• **TASK BRIEF**
Extract only the lines running from the top of the entries to the line that holds "調光捲簾在色彩上的選擇也非常". Include that line and omit the pictures.

BEGIN

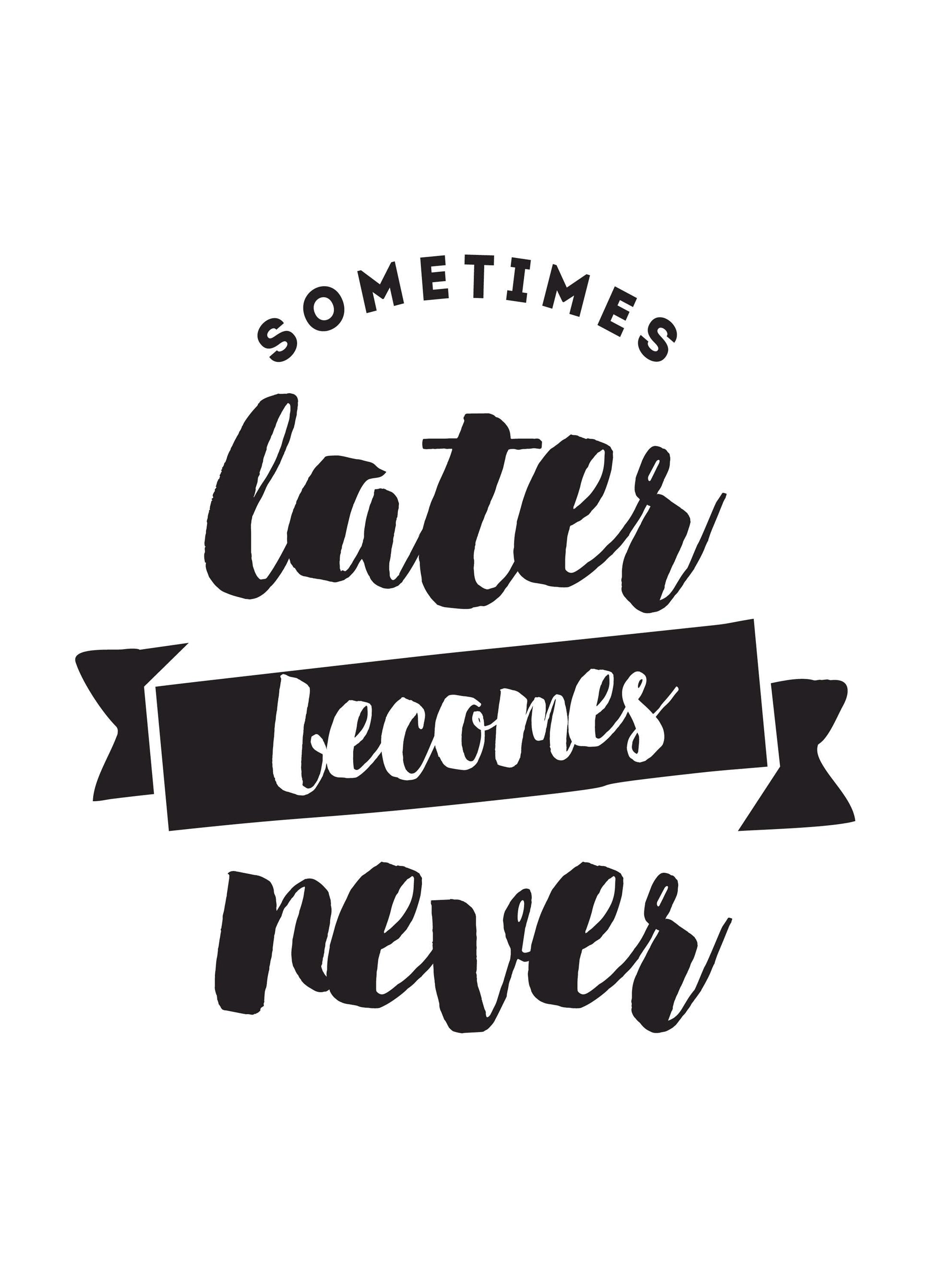 Sometimes Later Becomes Never Inspirational Picture Poster Print Wall
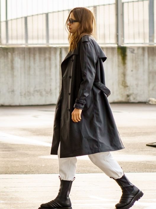 Donji deo bele trenerke upasala je u nogavice sportskih kožnih čizama koje potpisuje trenutno jedan od najpopularnijih brendova Bottega Veneta (cena im je oko 800 evra), a kompletan stajling zaokružila je Burberry kožnim mantilom i aksesoarom u vidu crnih sunčanih naočara.
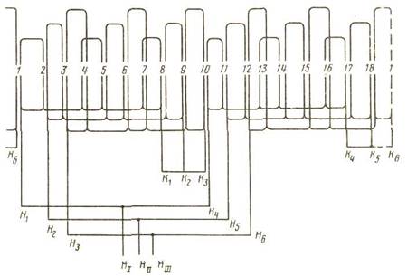 Н1, Н2, Н3; К1 К2, К3 — начало и концы фаз первой звезды;
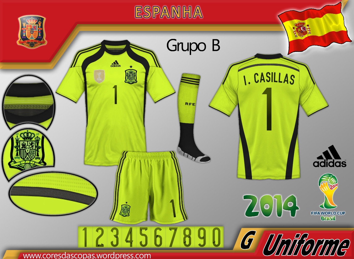 Os uniformes de goleiro produzidos pela adidas para a Espanha ficaram muito bonitos e têm cores personalizadas (o template é o mesmo para todas as seleções).
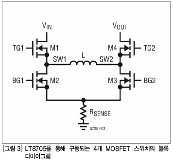 그림 3은 4개의 전력 스위치를 인덕터, VIN, VOUT, 그라운드에 연결하는 방법에 대한 블록 다이어그램을 나타낸 것이다.
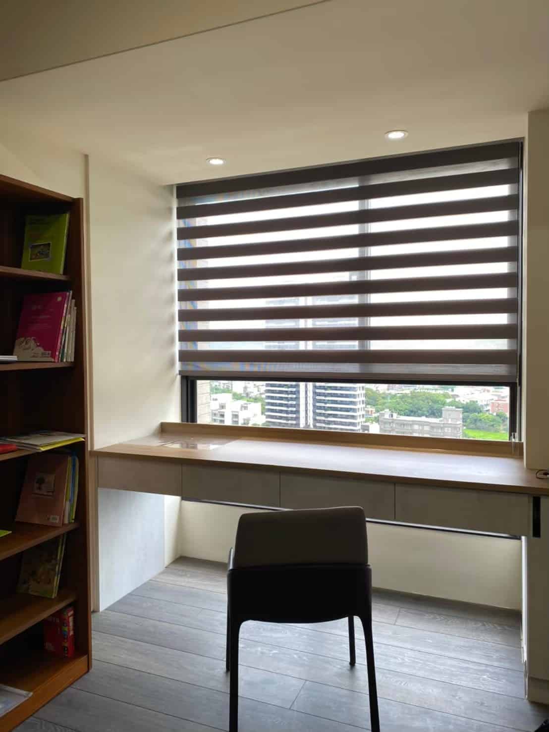 調光捲簾在色彩上的選擇也非常多,可低調溫馨,也可沉穩貴氣,特別適合需要有適度光線進入的空間,最常被運用在書房、工作室、遊戲房等。
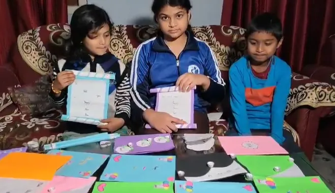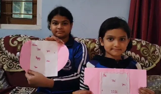 পিচে এই কাৰ্ড প্ৰচলন নোহোৱা হ'ল।কালৰ গ্ৰাসত হেৰাই যোৱা গ্ৰিটিংছ কাৰ্ড ধৰি ৰখাৰ প্ৰয়াস চামগুৰিৰ দুগৰাকী কণমানিৰ।চামগুৰিৰ শিঙিয়া কেকোঁৰা চুক গাঁৱৰ উৎপলাক্ষী বৰা আৰু থানভি বৰাই নিজৰ বন্ধু-বান্ধবী সকলৰ লগতে নিজৰ বিদ্যালয়ৰ শিক্ষক শিক্ষয়িত্ৰী সকলক নৱবৰ্ষৰ শুভেচ্ছা জনাবলৈ ঘৰতে বনাইছে নানাৰঙী গ্ৰিটিংছ কাৰ্ড। ৰঙীন কাগজ ব্যৱহাৰ কৰি বিভিন্ন ধৰণৰ ডিজাইনেৰে বনাইছে গ্ৰিটিংছ কাৰ্ড সমূহ। সচাঁকৈযে উঠি অহা প্ৰজন্মটোৰ এনে আগ্ৰহ দেখি পুৰণি দিনবো ঘুৰি অহাৰ দৰে লাগে।
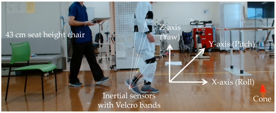 After explaining the method of each test to the subjects, we commenced the 10 MWT. A straight line of 16 m, including acceleration and deceleration paths of 3 m each, was used, and the time required to cover the central 10 m was measured using a stopwatch. Subsequently, the TUG was performed. The TUG used a chair with a seat height of 43 cm and one cone. Using a stopwatch, we measured the time required to stand up from the chair, walk 3 m, turn at the cone, return, and sit down again. Figure 1 shows an actual TUG measurement scene with an attached inertial sensor. Both tests were conducted twice at normal speed, and the patients were instructed to walk with or without a cane. The decision regarding the mode of walking was made in consultation with the physiotherapists in charge and the patients themselves. Other physical functions assessed included grip strength and the Frailty Screening Index (FSI) [19]. Patients were also asked about any falls they may have experienced in the past year.
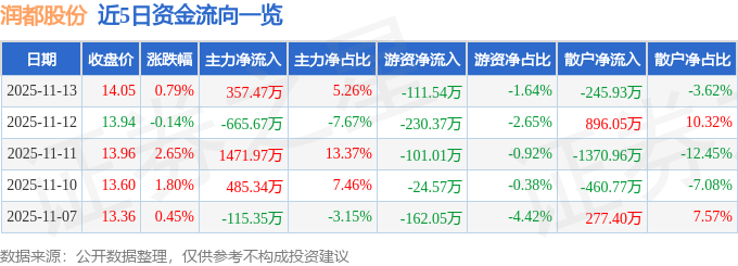 证券之星消息,截至2025年11月13日收盘,润都股份(002923)报收于14.05元,上涨0.79%,换手率1.88%,成交量4.86万手,成交额6794.65万元。
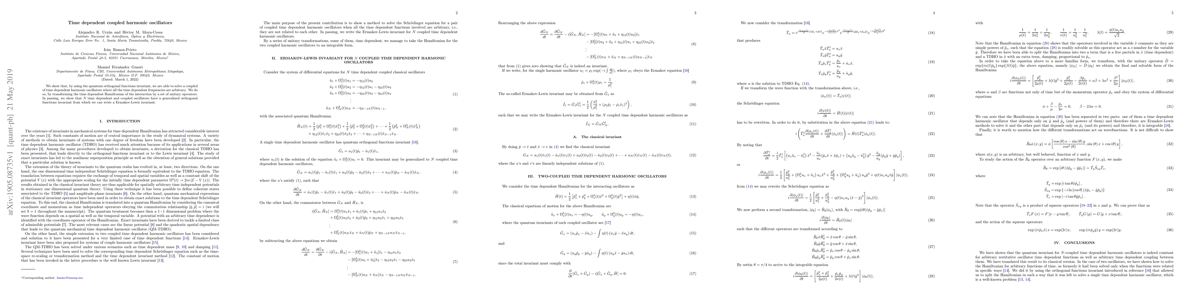We show that, by using the quantum orthogonal functions invariant, we are able to solve a coupled of time dependent harmonic oscillators where all the time dependent frequencies are arbitrary. We do so, by transforming the time dependent Hamiltonian of the interaction by a set of unitary operators. In passing, we show that $N$ time dependent and coupled oscillators have a generalized orthogonal functions invariant from which we can write a Ermakov-Lewis invariant.
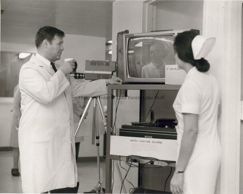 Dr. Hoffman and female nurse looking at TV monitor which presumably displays videotape recording.
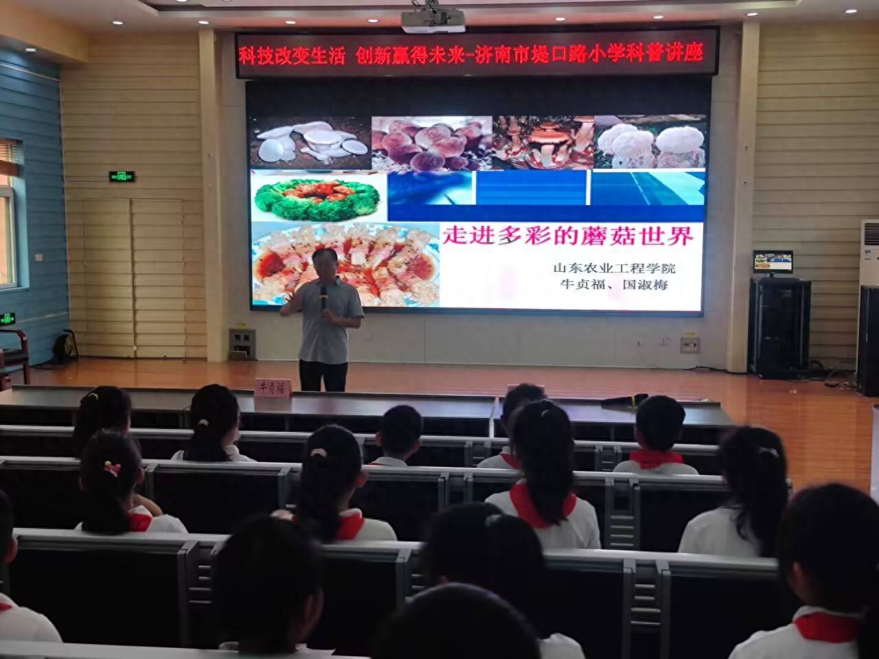 “你见过哪些蘑菇?吃过哪些蘑菇?”讲座伊始,山东农业工程学院教授牛贞福以贴近生活的互动提问打开话题,瞬间勾起同学们的好奇心。现场同学纷纷举手分享自己的经历,讨论声此起彼伏,在热烈的氛围中拉开了科普讲座的序幕。
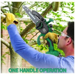 A Mini Motosserra Goldsea é uma ferramenta de corte de alta qualidade que oferece desempenho potente, cortando até 30 vezes mais rápido e consumindo 20 vezes menos energia do que as mini motosserras tradicionais.
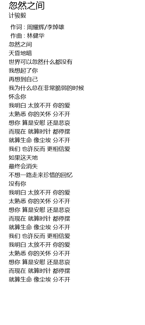 | [00:00.000] | 作词 : 周耀辉/李焯雄 |
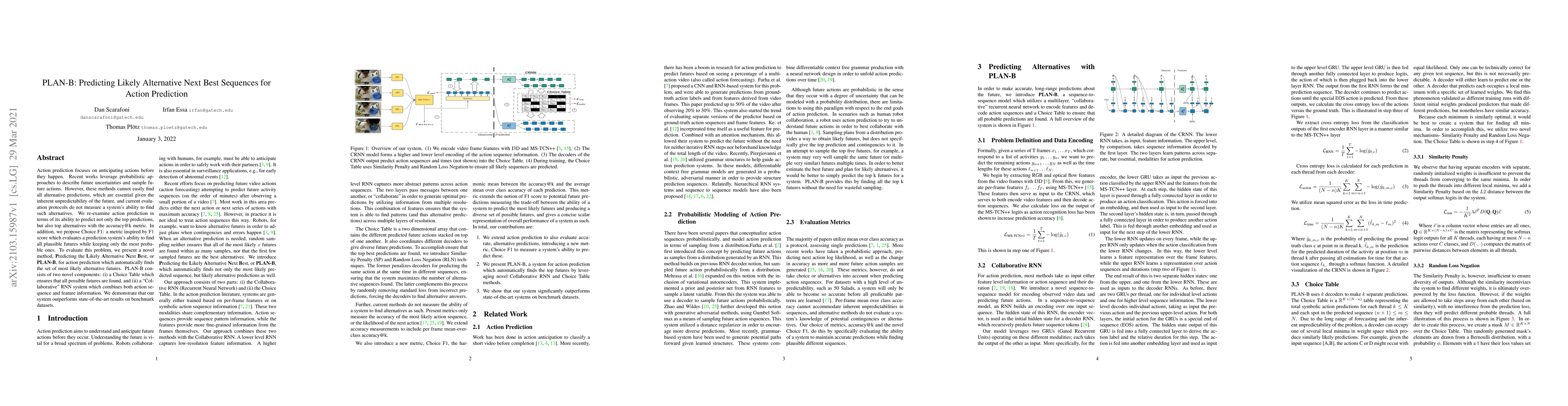 The paper introduces PLAN-B, a method for predicting alternative next best action sequences, addressing the limitation of existing probabilistic approaches in capturing all possible futures. PLAN-B uses a Choice Table and a Collaborative RNN system to find the most likely alternative futures, outperforming current state-of-the-art methods on benchmark datasets.
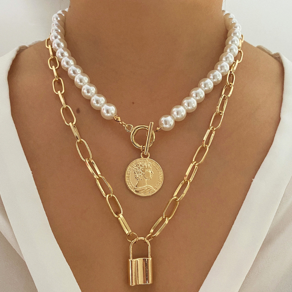 国境を越えて人気のある人の頭の真珠の多層のネックレスのファッションは簡単です。

END

• **ANSWER BELOW**
 Sometimes Later Becomes Never Inspirational Picture Poster Print Wall
 Donji deo bele trenerke upasala je u nogavice sportskih kožnih čizama koje potpisuje trenutno jedan od najpopularnijih brendova Bottega Veneta (cena im je oko 800 evra), a kompletan stajling zaokružila je Burberry kožnim mantilom i aksesoarom u vidu crnih sunčanih naočara.
 Н1, Н2, Н3; К1 К2, К3 — начало и концы фаз первой звезды;
 Os uniformes de goleiro produzidos pela adidas para a Espanha ficaram muito bonitos e têm cores personalizadas (o template é o mesmo para todas as seleções).
 그림 3은 4개의 전력 스위치를 인덕터, VIN, VOUT, 그라운드에 연결하는 방법에 대한 블록 다이어그램을 나타낸 것이다.
 調光捲簾在色彩上的選擇也非常多,可低調溫馨,也可沉穩貴氣,特別適合需要有適度光線進入的空間,最常被運用在書房、工作室、遊戲房等。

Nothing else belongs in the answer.